• [EXERCISE OBJECTIVE] From the records that follow, return exactly the lines beginning at the one that contains "Via een vaste" and ending at the one that contains "Хоризон Бланко Керамогранит", pictures left out.

#### SOURCE DATA

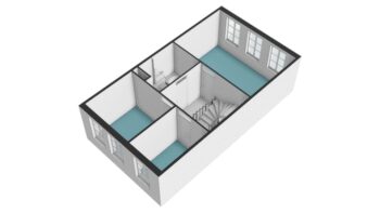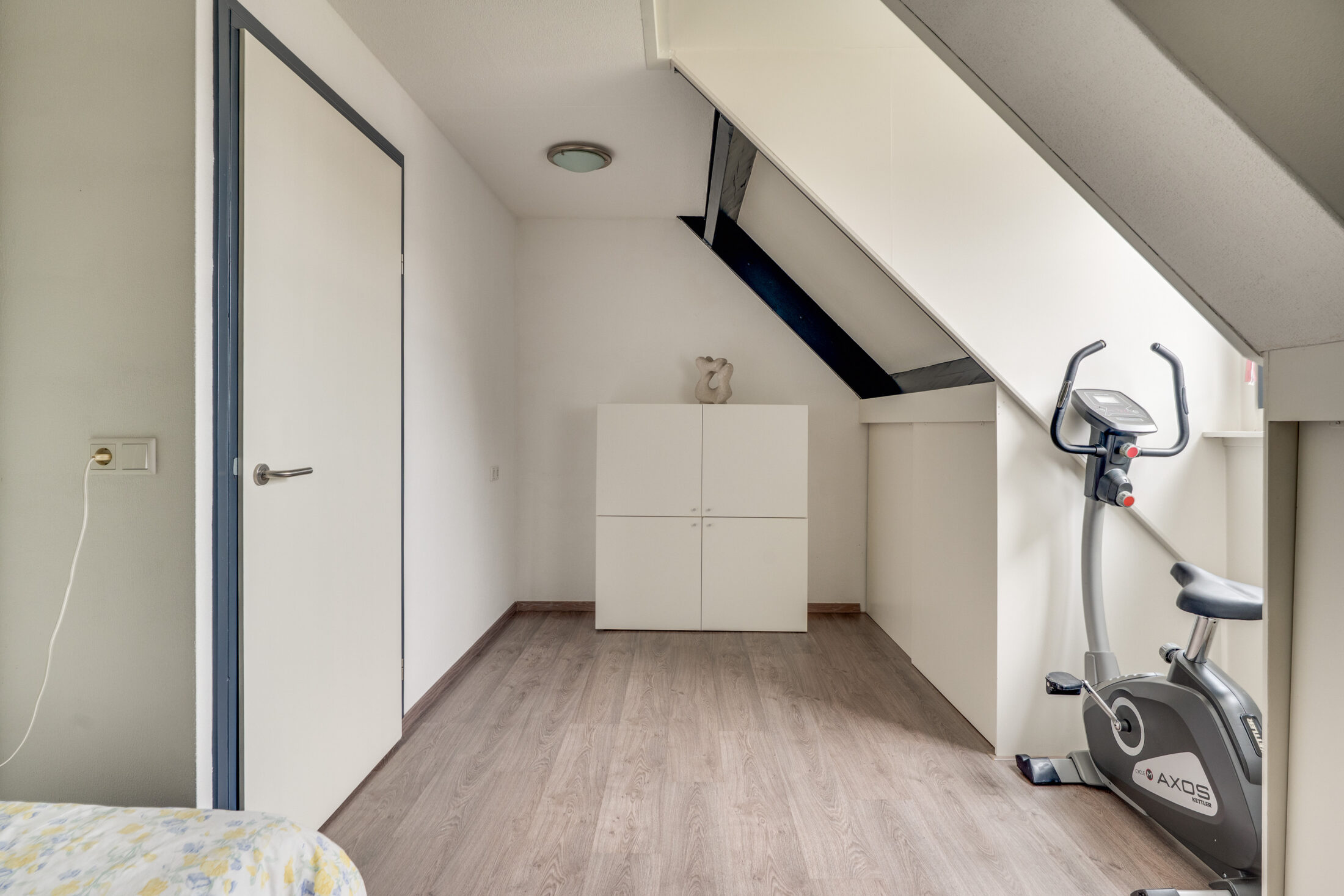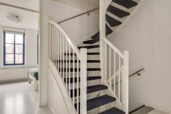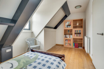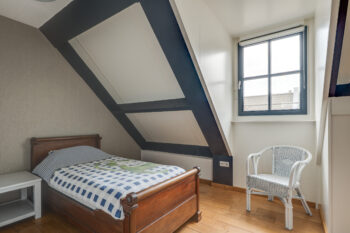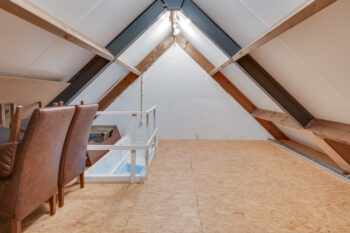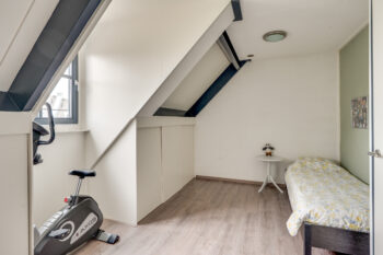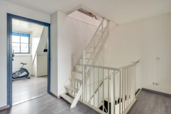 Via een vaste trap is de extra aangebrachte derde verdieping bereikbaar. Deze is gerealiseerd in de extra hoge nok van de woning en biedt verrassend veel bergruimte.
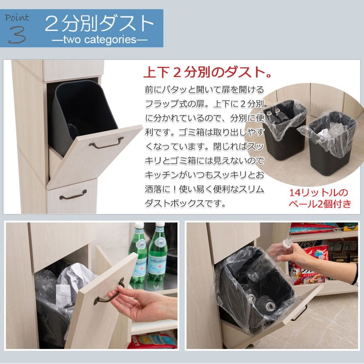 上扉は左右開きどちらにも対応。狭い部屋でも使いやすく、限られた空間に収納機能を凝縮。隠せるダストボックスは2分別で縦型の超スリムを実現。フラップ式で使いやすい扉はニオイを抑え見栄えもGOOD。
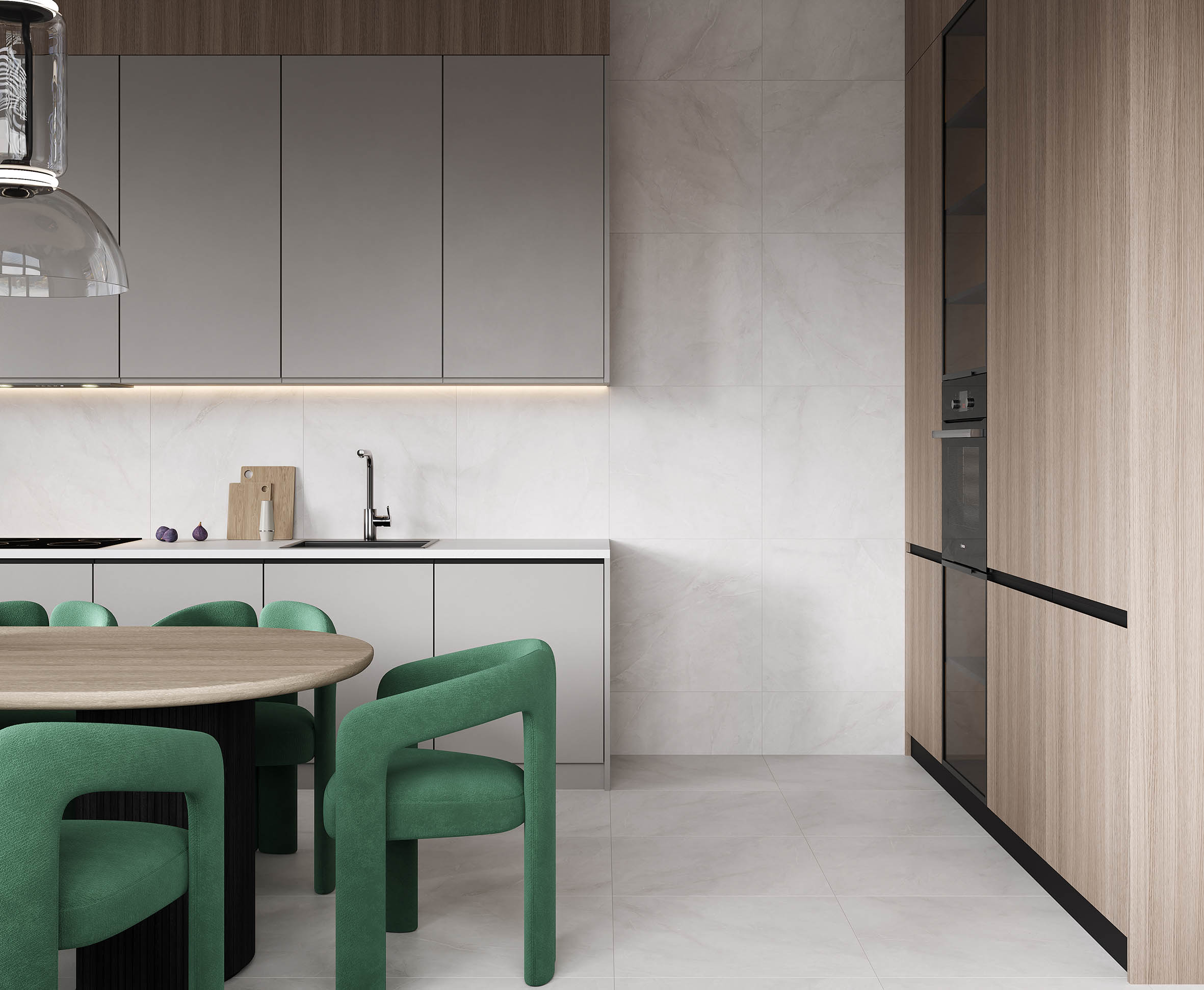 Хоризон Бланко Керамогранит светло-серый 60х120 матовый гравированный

########
#### SOURCE DATA

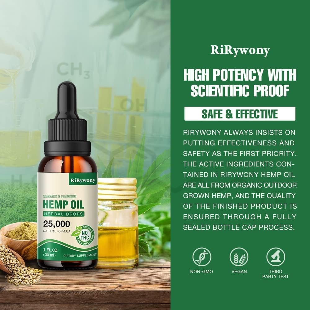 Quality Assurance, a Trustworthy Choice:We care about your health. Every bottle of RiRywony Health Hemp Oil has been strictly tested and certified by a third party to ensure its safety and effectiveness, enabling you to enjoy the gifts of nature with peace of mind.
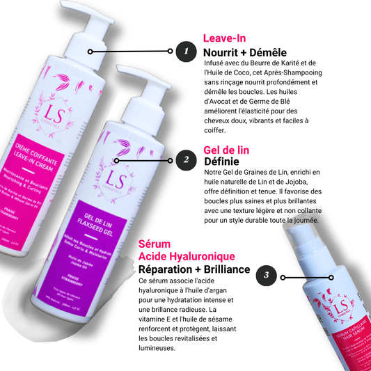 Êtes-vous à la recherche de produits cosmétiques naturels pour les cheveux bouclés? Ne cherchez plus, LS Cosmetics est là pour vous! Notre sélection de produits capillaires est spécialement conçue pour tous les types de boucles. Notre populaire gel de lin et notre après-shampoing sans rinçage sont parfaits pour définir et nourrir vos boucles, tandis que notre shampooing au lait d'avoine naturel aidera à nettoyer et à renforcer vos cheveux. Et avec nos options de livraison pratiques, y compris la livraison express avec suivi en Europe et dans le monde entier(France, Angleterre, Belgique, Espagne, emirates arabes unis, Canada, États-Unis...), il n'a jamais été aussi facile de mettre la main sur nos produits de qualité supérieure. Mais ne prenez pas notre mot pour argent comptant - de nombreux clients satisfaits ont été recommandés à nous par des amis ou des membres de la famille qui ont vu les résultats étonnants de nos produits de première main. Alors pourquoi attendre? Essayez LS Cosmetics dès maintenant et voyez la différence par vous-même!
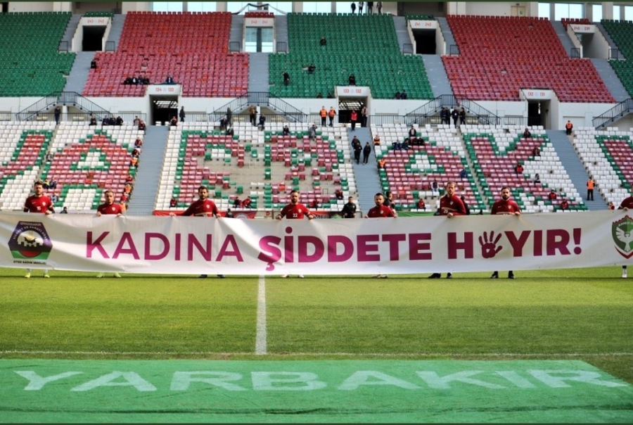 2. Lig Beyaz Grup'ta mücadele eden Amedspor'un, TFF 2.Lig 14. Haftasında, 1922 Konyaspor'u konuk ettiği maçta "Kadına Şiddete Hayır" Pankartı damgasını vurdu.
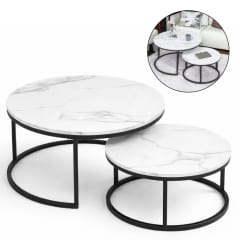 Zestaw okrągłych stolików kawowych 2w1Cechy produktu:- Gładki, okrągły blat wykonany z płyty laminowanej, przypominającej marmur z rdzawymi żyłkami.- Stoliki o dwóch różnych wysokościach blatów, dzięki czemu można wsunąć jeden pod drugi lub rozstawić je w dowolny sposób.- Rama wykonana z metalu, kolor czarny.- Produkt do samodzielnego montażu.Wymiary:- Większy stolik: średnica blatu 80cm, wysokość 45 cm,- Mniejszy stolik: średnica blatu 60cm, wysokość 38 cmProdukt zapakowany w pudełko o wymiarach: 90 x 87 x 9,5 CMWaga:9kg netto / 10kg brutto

########

• [ANSWER TO THIS PROBLEM]
 Via een vaste trap is de extra aangebrachte derde verdieping bereikbaar. Deze is gerealiseerd in de extra hoge nok van de woning en biedt verrassend veel bergruimte.
 上扉は左右開きどちらにも対応。狭い部屋でも使いやすく、限られた空間に収納機能を凝縮。隠せるダストボックスは2分別で縦型の超スリムを実現。フラップ式で使いやすい扉はニオイを抑え見栄えもGOOD。
 Хоризон Бланко Керамогранит светло-серый 60х120 матовый гравированный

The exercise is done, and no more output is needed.